Connecticut Bank & Trust Co. v. Coffin

563 A.2d 1323, 212 Conn. 678, 1989 Conn. LEXIS 256
CourtSupreme Court of Connecticut
DecidedAugust 22, 1989
Docket13390; 13391; 13392; 13393; 13394; 13395; 13396; 13397; 13398; 13399; 13400
StatusPublished
Cited by12 cases

This text of 563 A.2d 1323 (Connecticut Bank & Trust Co. v. Coffin) is published on Counsel Stack Legal Research, covering Supreme Court of Connecticut primary law. Counsel Stack provides free access to over 12 million legal documents including statutes, case law, regulations, and constitutions.

Bluebook
Connecticut Bank & Trust Co. v. Coffin, 563 A.2d 1323, 212 Conn. 678, 1989 Conn. LEXIS 256 (Colo. 1989).

Opinion

Shea, J.

In the first action the Connecticut Bank and Trust Company, N.A. (CBT), sought a declaratory judgment to determine which of the defendants are “issue” of Dexter D. Coffin, Jr., and thus beneficiaries of an inter vivos trust created by his father, Dexter D. Coffin, [682]*682by an indenture dated April 30, 1957,1 of which the plaintiff bank is a cotrustee. The trial court held that the term “issue” should be construed to include all the blood descendants of Dexter D. Coffin, Jr., but not those persons adopted by him or his descendants.2 Accordingly, blood descendants of Dexter D. Coffin, Jr., who have been adopted out of the Coffin family were declared to be beneficiaries unless expressly excluded by the trust instrument.
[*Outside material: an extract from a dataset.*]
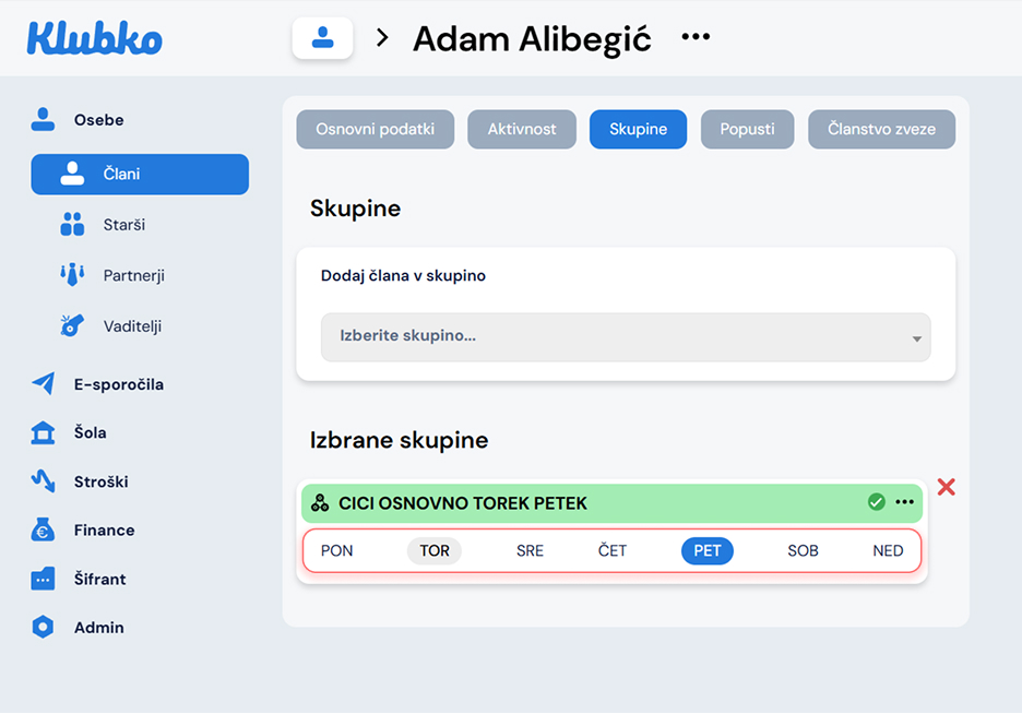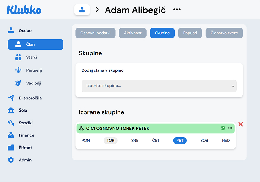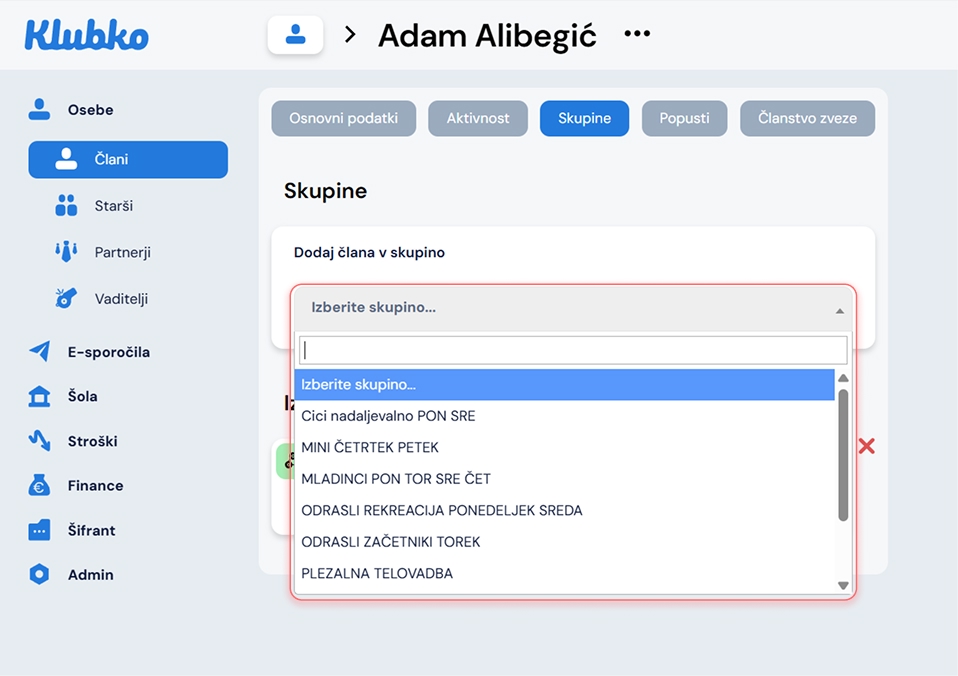 Ko ste dodali otroka v skupino se vam spodaj prikaže dodana skupina.

In the second action, which was consolidated for trial with the first, the plaintiff CBT and its cotrustee, James E. Morgan, Jr., sought approval of the trust account for the period April 30,1957, to May 2,1984. They also requested approval of an agreement modifying the terms of the trust and settling various claims relating thereto that are the subject of litigation in the federal district court for this state.3 The trial court approved the account but rejected the settlement agreement because the trust modifications were deemed not to be in the best interests of minor and unascertained beneficiaries nor consistent with the intentions of the settlor.
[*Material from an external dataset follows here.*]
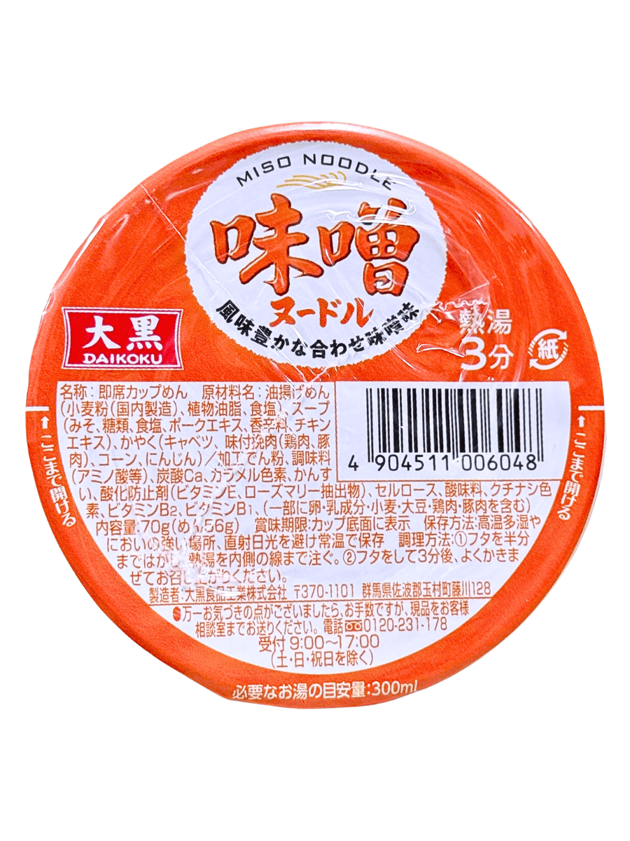 - Mì: bột mì (sản xuất trong nước Nhật), dầu thực vật, muối.

Appeals have been taken from both judgments by various beneficiaries and claimed beneficiaries.

I

The first case presents the issues of whether the trial court erred: (1) in construing the term “issue” as used [683]*683in the trust indenture to include only the blood descendants of Dexter D. Coffin, Jr., thus excluding those adopted by him or his descendants; (2) in construing a provision of the trust stating that the term issue “is not intended to include adopted persons and their issue” not to apply to Kathryn Blaire Greenhalgh, a child of Dexter D. Coffin III, after she had been adopted by her mother’s second husband; and (3) in denying an allowance for attorney’s fees incurred by claimed beneficiaries who had intervened in the proceedings.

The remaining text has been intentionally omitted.